“Spurred by a sour economy, coupon redemption is up while distribution soars to record highs.” For the very first time, “more than one billion coupons were redeemed last year at food markets and other retail outlets.”
Unfortunately, neither of those things is true today. The first quote comes from an Inmar Intelligence report on coupon usage – in 2009. The second quote comes from the Los Angeles Times, about coupon usage way back in 1965.
Today, U.S. consumer sentiment is nearly as low as it was during the Great Recession in 2009, when coupon use soared. Yet the number of coupons used over the past year is even lower than it was in 1965. So economic concerns and stretched grocery budgets aren’t corresponding with increased coupon usage like they used to.
Those are some of the takeaways from Inmar Intelligence’s latest look at coupon statistics from the past year. While it’s found that inflation-wary shoppers are becoming more interested in using coupons, the number of coupons both offered and redeemed is continuing a years-long decline.
Inmar calculated that 177 billion coupons were offered last year, down 12% from the previous year. And coupon redemption dipped below the one-billion mark for the first time in nearly 60 years. While an earlier report by Vericast estimated the total number of coupons redeemed to be 865 million, Inmar’s number was 970 million – quite a difference, but still enough by Inmar’s calculations to be down 7% from the previous year.
While Vericast analyzed the reasons for the slump, including an ongoing decline in newspaper circulation and recent supply chain disruptions, Inmar chose to focus on the positive – consumers say they still want coupons, and are ready to use them, if they can help save money on what they want and need to buy.
While newspaper coupon inserts are still the source of nearly 90% of all coupons distributed, shoppers who don’t buy the newspaper regularly anymore aren’t using insert coupons as often. They’re turning to digital coupons, which are now the number-one coupon redemption method, representing a third of all coupons redeemed. 67% of the shoppers surveyed by Inmar said they used digital grocery coupons last year.
But 64% also said they used paper coupons last year. And only 16% said digital load-to-card coupons were their preferred method of receiving and redeeming coupons. While paper preferences were scattered among various formats, including insert coupons, mailed coupons and different forms of in-store coupons, the vast majority of shoppers still preferred some type of paper coupon. Even among tech-savvy millennials, 82% of whom said they used digital coupons last year, 72% of them said they used paper coupons as well.
So digital coupon use is growing rapidly, but only a small minority of shoppers actually prefer the format.
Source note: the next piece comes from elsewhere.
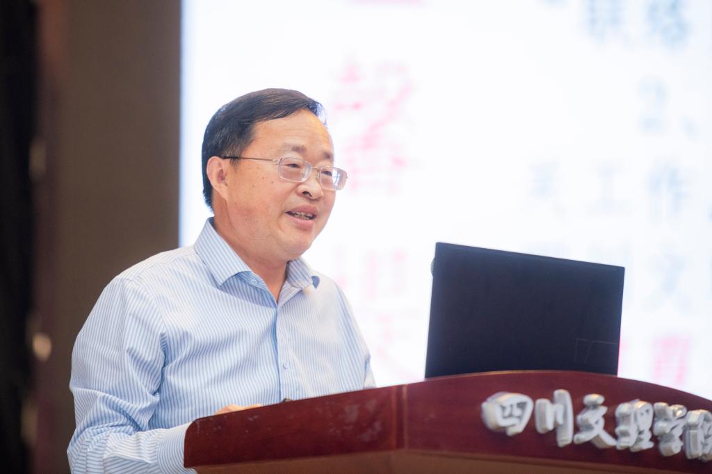 达州市委教育工委书记,市教育局党委书记、局长邓剑,北京师范大学京师特聘教授、博士生导师温静教授,通川区教育局局长郭海龙,达川区教育局局长谯小波,学校党委书记黄涛教授、校长侯忠明教授、党委副书记朱兴华教授、副校长徐晓宗教授出席会议。共同体成员单位,学校相关职能部门、学院教师齐聚一堂,共同探讨如何更好推进中小学思政课一体化建设。会议由市委教育工委专职副书记、市教育局党委委员冯雷主持。

Newspapers remain the primary distribution method for coupons, but far fewer people are even getting the newspaper anymore. And among those who do, many are turned off by the fact that the number of coupons for food items – the most popular type of coupons – slumped a further 26% last year, as nonfood items like household supplies and personal care products made up an ever-greater percentage of all coupons distributed.
Declining coupon use, then, could be attributed to the fact that shoppers simply don’t like what they’re being offered, or how it’s being offered. It’s not that shoppers don’t like coupons anymore – because they’re telling Inmar that they do.
78% of those surveyed say coupons are important to them because of inflation and rising prices, 75% use coupons to help determine what goes on their shopping list, and 67% said coupons changed their shopping behavior – either by encouraging them to buy a new product, a new brand or a brand they had purchased before. 26% of shoppers said they’re now using coupons more often than they used to.
So you could say the coupon industry, and coupon users, are still in a state of transition, in which the coupons being offered and the coupons that shoppers want still aren’t quite aligning. Shoppers are using more digital coupons, but many are apparently doing so somewhat grudgingly. Paper coupons are still popular, but declining newspaper circulation shows that more shoppers are turning away from the primary paper coupon distribution method. Shoppers say they want coupons for items they can buy to feed their families, yet nonfood coupons now make up more than 80% of all coupons distributed. We’re using fewer coupons than our grandparents did, yet the vast majority of us say we want to use more.
Now that shoppers are really feeling the pinch of higher prices, and brands risk losing sales to lower-cost store brand products, could this be the year that coupon use finally perks up? Much of it will depend on whether brands start offering more coupons that shoppers actually want to use, in the formats they prefer. And then, we just might start couponing like it’s 1965 again.
So frustrating. I just cancelled my Sunday newspaper because I just can’t justify the cost of delivery and tip with the small amount of coupons I am getting, which by the way, are extremely short dated and not many food product coupons. I wish the companies would wake up and get back to paper coupons for food and instead of putting out $1 off 3, how about make it off one but just give a smaller amount off. As empty nesters, buying 3 to save a dollar just isn’t worth it and so I am swayed toward store brand. I prefer paper coupons because my grocery store does not take digital; it’s strictly paper only.